Starting at the line that contains "Шал, совместимый со", output each line exactly as written through the end of the listing below, but leave out the pictures.

========================

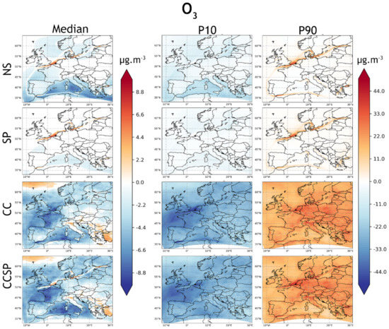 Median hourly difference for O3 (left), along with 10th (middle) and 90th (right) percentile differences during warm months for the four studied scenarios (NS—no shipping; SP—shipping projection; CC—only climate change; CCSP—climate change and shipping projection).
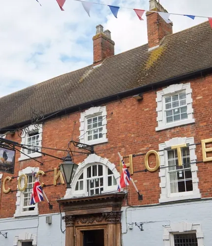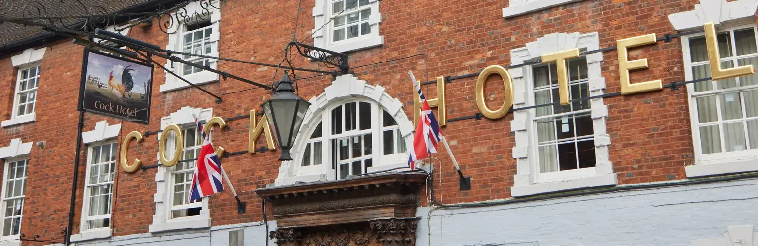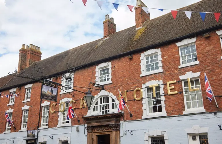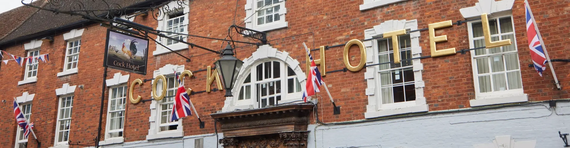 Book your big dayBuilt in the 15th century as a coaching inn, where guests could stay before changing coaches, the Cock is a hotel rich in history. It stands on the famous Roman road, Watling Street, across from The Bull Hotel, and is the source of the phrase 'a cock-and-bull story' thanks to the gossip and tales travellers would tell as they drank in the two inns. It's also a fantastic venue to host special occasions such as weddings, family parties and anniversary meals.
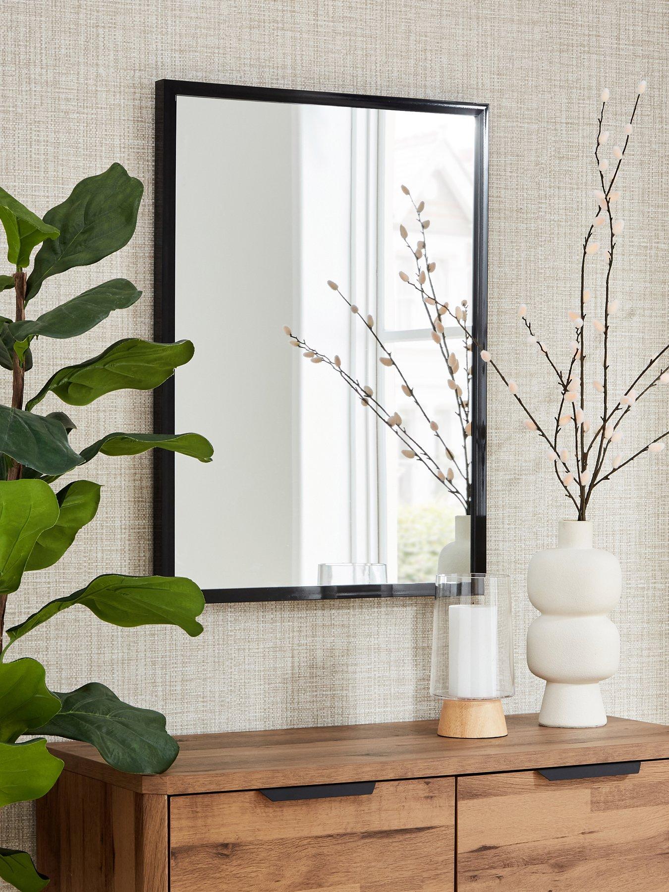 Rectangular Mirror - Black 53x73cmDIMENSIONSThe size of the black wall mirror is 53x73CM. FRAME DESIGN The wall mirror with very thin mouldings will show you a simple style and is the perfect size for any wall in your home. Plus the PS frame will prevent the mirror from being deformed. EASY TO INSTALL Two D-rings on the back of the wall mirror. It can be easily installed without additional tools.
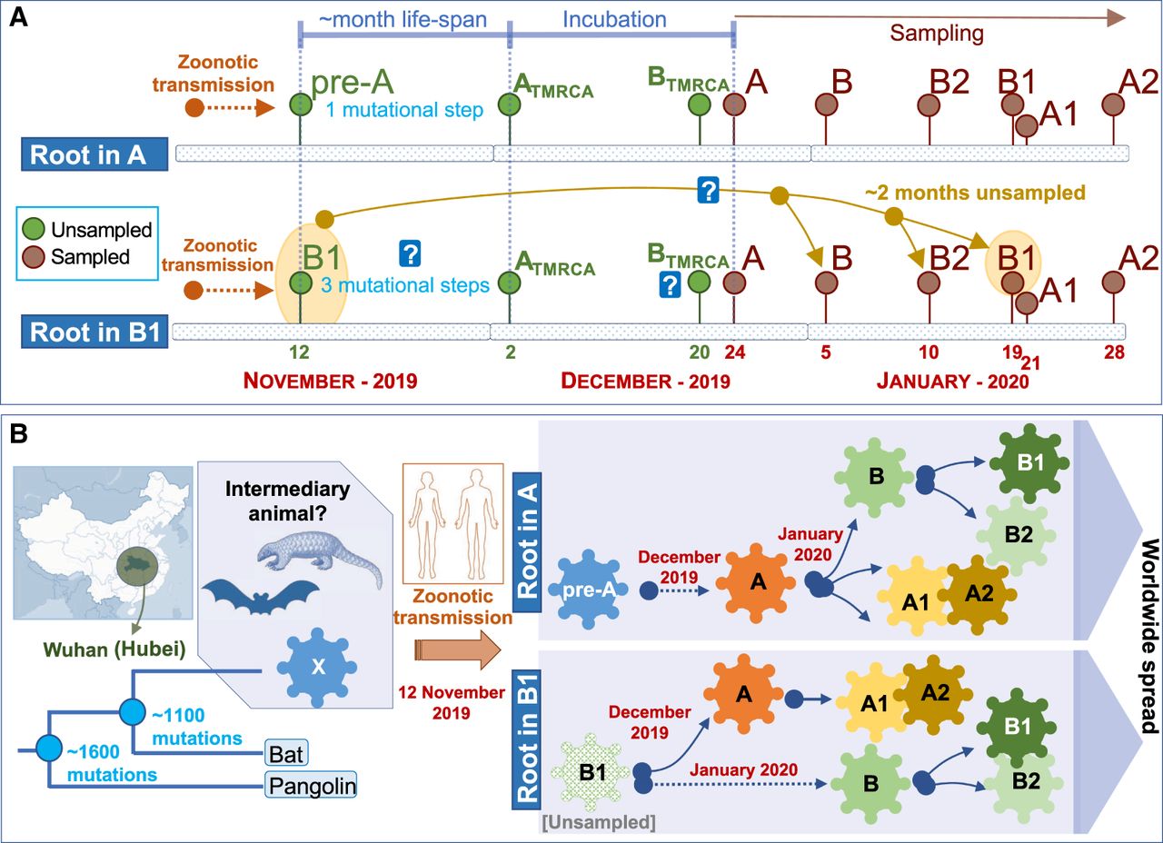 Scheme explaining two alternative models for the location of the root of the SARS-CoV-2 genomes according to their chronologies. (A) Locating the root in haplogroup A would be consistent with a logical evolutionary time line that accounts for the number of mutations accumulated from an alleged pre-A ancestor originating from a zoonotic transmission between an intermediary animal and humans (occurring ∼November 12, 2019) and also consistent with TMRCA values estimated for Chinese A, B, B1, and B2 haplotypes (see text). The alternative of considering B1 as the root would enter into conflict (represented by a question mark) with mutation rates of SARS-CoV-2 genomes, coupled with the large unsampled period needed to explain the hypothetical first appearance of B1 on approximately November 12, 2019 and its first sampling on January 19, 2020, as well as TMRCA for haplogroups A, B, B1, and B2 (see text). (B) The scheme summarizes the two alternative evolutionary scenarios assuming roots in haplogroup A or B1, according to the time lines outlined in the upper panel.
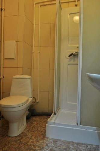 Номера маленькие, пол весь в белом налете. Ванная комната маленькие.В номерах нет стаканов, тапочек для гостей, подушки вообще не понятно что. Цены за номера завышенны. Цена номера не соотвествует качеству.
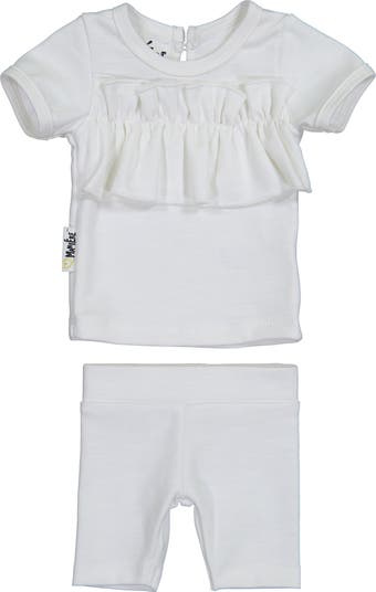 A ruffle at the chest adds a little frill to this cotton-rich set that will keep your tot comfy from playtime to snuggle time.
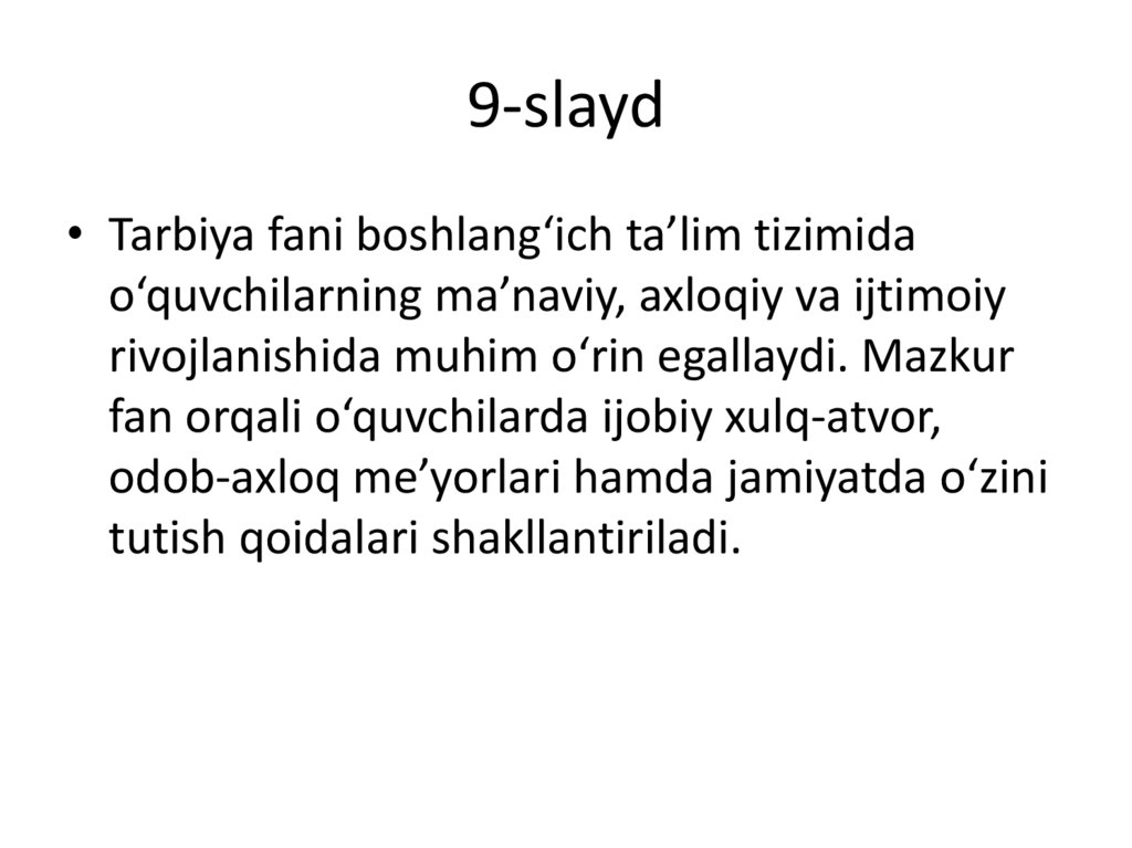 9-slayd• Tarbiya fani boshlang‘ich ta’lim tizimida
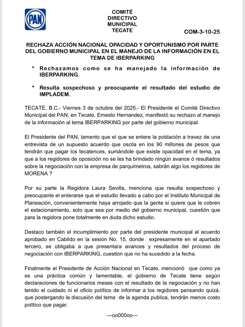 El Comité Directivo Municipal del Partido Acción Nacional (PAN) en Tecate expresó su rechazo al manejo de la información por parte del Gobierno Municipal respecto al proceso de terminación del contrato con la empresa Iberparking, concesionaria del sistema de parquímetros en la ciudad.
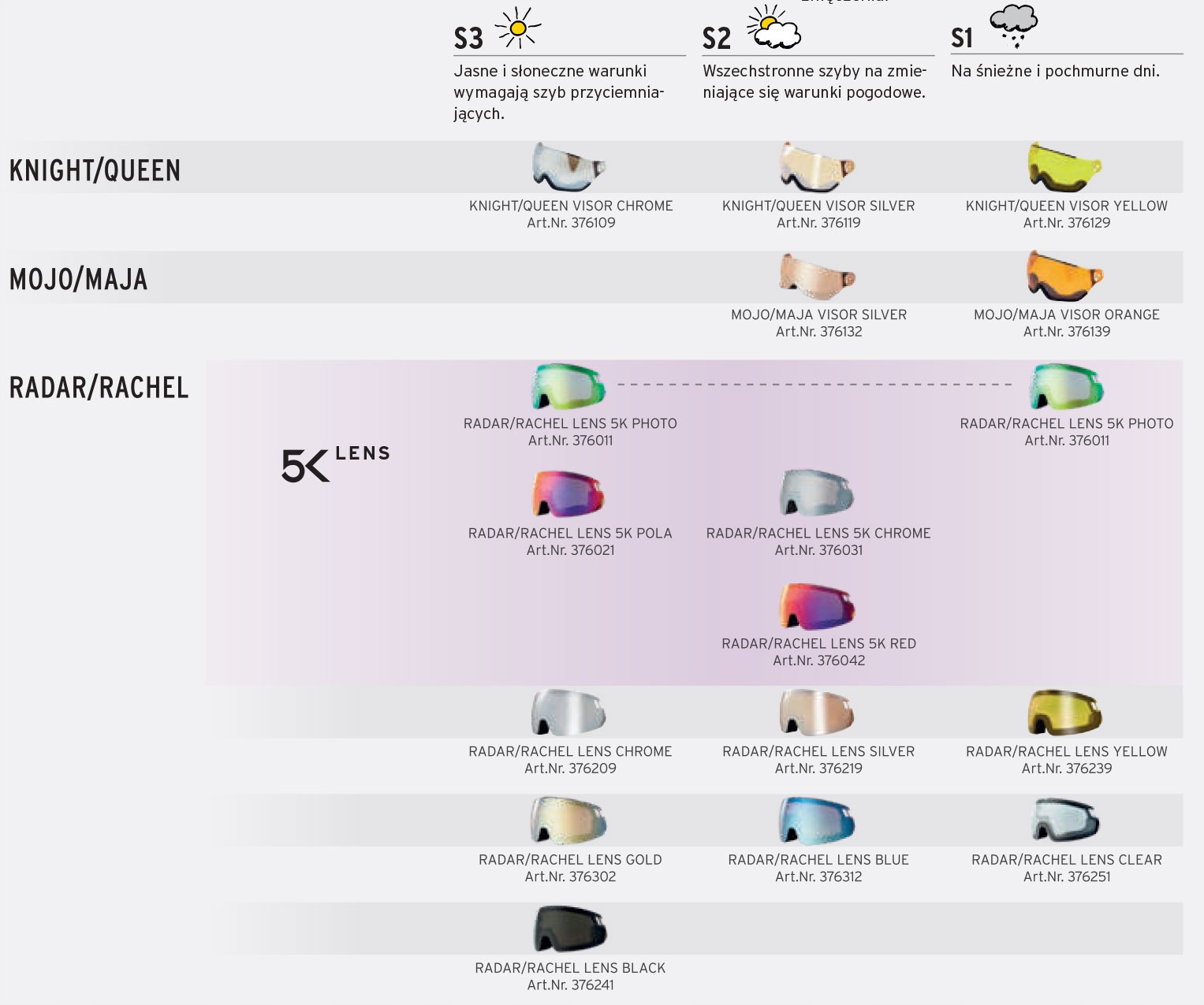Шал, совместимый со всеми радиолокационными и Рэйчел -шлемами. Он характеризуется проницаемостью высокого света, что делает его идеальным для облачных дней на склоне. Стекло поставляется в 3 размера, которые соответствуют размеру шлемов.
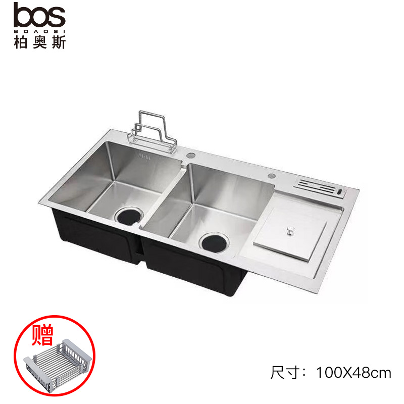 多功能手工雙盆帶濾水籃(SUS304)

========================

**SOLUTION FOR THIS PROBLEM**
Шал, совместимый со всеми радиолокационными и Рэйчел -шлемами. Он характеризуется проницаемостью высокого света, что делает его идеальным для облачных дней на склоне. Стекло поставляется в 3 размера, которые соответствуют размеру шлемов.
 多功能手工雙盆帶濾水籃(SUS304)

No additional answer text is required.